## [How to complete this task]
Give back every line of the material below exactly, but no images.

## [The data]
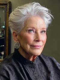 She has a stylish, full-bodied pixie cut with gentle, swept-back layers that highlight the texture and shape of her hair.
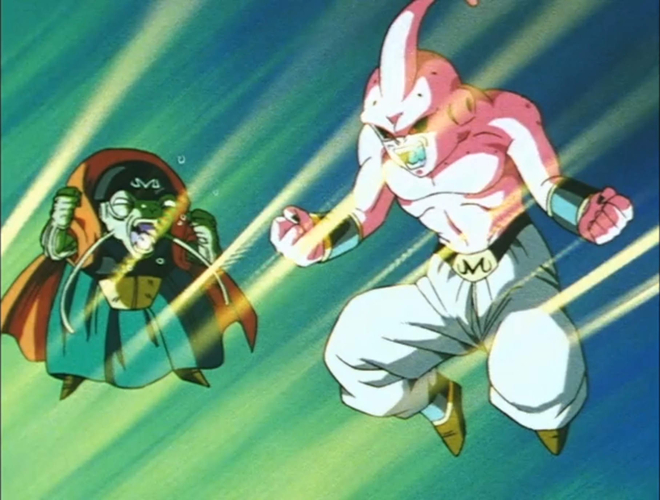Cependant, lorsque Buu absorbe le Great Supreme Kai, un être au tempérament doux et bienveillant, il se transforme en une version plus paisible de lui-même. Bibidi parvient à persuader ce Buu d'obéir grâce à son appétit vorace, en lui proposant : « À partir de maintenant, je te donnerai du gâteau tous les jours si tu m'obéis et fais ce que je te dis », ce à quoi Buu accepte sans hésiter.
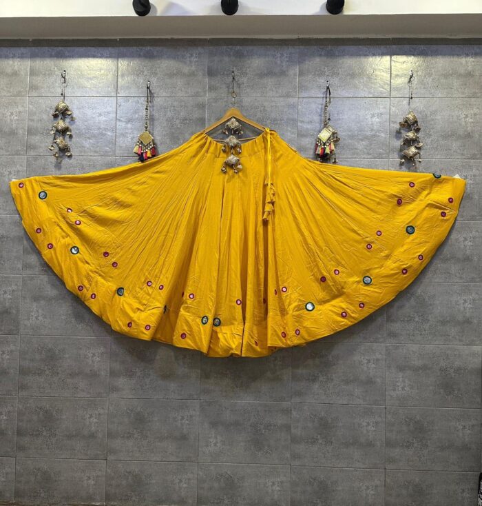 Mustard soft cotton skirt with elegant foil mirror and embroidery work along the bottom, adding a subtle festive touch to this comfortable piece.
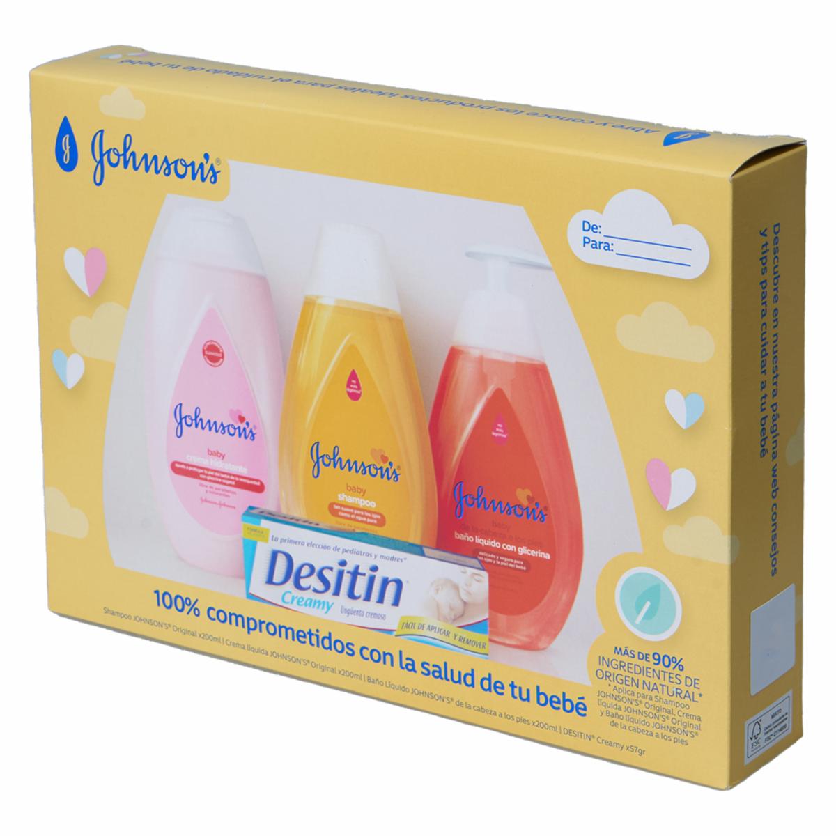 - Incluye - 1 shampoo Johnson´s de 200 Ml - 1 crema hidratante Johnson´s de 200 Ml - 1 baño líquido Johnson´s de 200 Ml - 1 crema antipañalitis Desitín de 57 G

## [Expected answer]
 She has a stylish, full-bodied pixie cut with gentle, swept-back layers that highlight the texture and shape of her hair.
Cependant, lorsque Buu absorbe le Great Supreme Kai, un être au tempérament doux et bienveillant, il se transforme en une version plus paisible de lui-même. Bibidi parvient à persuader ce Buu d'obéir grâce à son appétit vorace, en lui proposant : « À partir de maintenant, je te donnerai du gâteau tous les jours si tu m'obéis et fais ce que je te dis », ce à quoi Buu accepte sans hésiter.
 Mustard soft cotton skirt with elegant foil mirror and embroidery work along the bottom, adding a subtle festive touch to this comfortable piece.
 - Incluye - 1 shampoo Johnson´s de 200 Ml - 1 crema hidratante Johnson´s de 200 Ml - 1 baño líquido Johnson´s de 200 Ml - 1 crema antipañalitis Desitín de 57 G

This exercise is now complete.